Power supply circuit with feedback circuit

1. A power supply circuit, comprising: a pulse width modulation circuit configured for providing a pulse signal; a voltage conversion circuit configured for converting a primary voltage to an output voltage according to the pulse signal; a feedback circuit comprising a sampling branch configured for detecting a current of the voltage conversion circuit and accordingly providing a feedback signal, and a voltage division branch electrically coupled to the sampling branch; and a control circuit electrically coupled to the voltage division branch, configured for disabling the voltage division branch after a predetermined period of time when the output voltage is within a predetermined range.

2. The power supply circuit of claim 1 , wherein when the output voltage exceeds the predetermined range, the pulse width modulation circuit stops providing the pulse signal immediately.

3. The power supply circuit of claim 1 , wherein when the output voltage is less than the predetermined range, the pulse width modulation circuit provides the pulse signal normally.

4. The power supply circuit of claim 1 , wherein the voltage division branch is configured for expanding an anti-overloading ability of the pulse width modulation circuit.

5. The power supply circuit of claim 1 , wherein the sampling branch comprises a sampling resistor electrically coupled between the voltage conversion circuit and the voltage division branch.

6. The power supply circuit of claim 5 , wherein the pulse width modulation circuit comprises a first terminal configured for receiving the feedback signal, and the sampling branch is electrically coupled between the first terminal and the voltage conversion circuit.

7. The power supply circuit of claim 6 , wherein the voltage dividing circuit comprises a voltage dividing resistor and a first transistor, a base electrode of the first transistor is electrically coupled to the control circuit, a collector electrode of the first transistor is electrically coupled to the first terminal of the pulse width modulation via the voltage dividing resistor, and an emitter electrode of the first transistor is grounded.

8. The power supply circuit of claim 1 , further comprising a coupling circuit configured for coupling the output voltage, and correspondingly generating a coupling voltage.

9. The power supply circuit of claim 8 , wherein the coupling circuit is a photoelectric coupler.

10. The power supply circuit of claim 8 , wherein the pulse width modulation circuit further comprises a second terminal receiving the coupling voltage, and the pulse width modulation circuit ceases the pulse signal when the coupling voltage indicates that the output voltage has exceeded the predetermined range.

11. The power supply circuit of claim 8 , wherein the control circuit comprises a first control unit and a delay circuit, the first control unit configured for receiving the coupling voltage and enabling the delay circuit when the coupling voltage indicates that the output voltage is within the predetermined range.

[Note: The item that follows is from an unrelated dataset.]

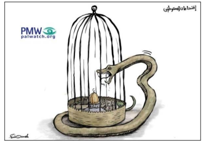
[Official PA daily Al-Hayat Al-Jadida, Aug. 25, 2019]

The cartoon portrays Jews who visit the Temple Mount as a snake with its fangs bared sticking its head through the bars of a bird cage that are rising up from the walls of the Old City of Jerusalem.

12. The power supply circuit of claim 11 , wherein the control circuit further comprises a second control unit electrically connecting the delay circuit and the detecting circuit, and the second control unit is configured for disabling the voltage division branch under the control of the delay circuit.

13. The power supply circuit of claim 12 , wherein the first control unit comprises a second transistor, a Zener diode, and a pull-down resistor, a base electrode of the second transistor is configured for receiving the coupling voltage, a collector electrode of the second transistor is configured for receiving a power voltage, and an emitter electrode of the transistor is electrically coupled to a negative electrode of the Zener diode, wherein a positive electrode of the Zener diode is electrically coupled to the delay circuit and grounded via the pull-down resistor.

14. The power supply circuit of claim 13 , wherein the delay circuit is an integrator.

15. The power supply circuit of claim 13 , wherein the delay circuit comprises an integrating resistor and an integrating capacitor, an end of the integrating resistor is electrically coupled to the positive terminal of the Zener diode, the other end of the integrating resistor is grounded via the integrating capacitor, and electrically coupled to the second control unit.

16. The power supply circuit of claim 15 , wherein the second control unit comprises a pull-up resistor and a third transistor, a base electrode of the third transistor is electrically coupled to the integrating resistor, a collector electrode is configured for receiving the power voltage via the pull-up resistor, and is electrically coupled to the voltage division branch, and an emitter electrode of the third transistor is grounded.

17. The power supply circuit of claim 1 , wherein the voltage conversion circuit comprises an electronic switch configured for receiving the pulse signal and a transformer having a first coil and a second coil, wherein an end of the first coil is configured for receiving an external voltage and the other end of the first coil is grounded via the electronic switch.

18. The power supply circuit of claim 17 , wherein the voltage conversion circuit further comprises a third coil, a rectifying diode, and a filter capacitor configured for providing an inner power voltage to the pulse width modulation circuit cooperatively.

19. A power supply circuit, comprising: a pulse width modulation circuit configured providing a pulse signal; a voltage conversion circuit configured for generating an output voltage according to the pulse signal; a detecting circuit comprising a sampling branch electrically coupled to the voltage conversion circuit, and a voltage division branch electrically coupled to the sampling branch; and a control circuit electrically coupled to the voltage division branch; wherein when the output voltage is within a predetermined range, the control circuit disables the voltage division branch after a predetermined period of time.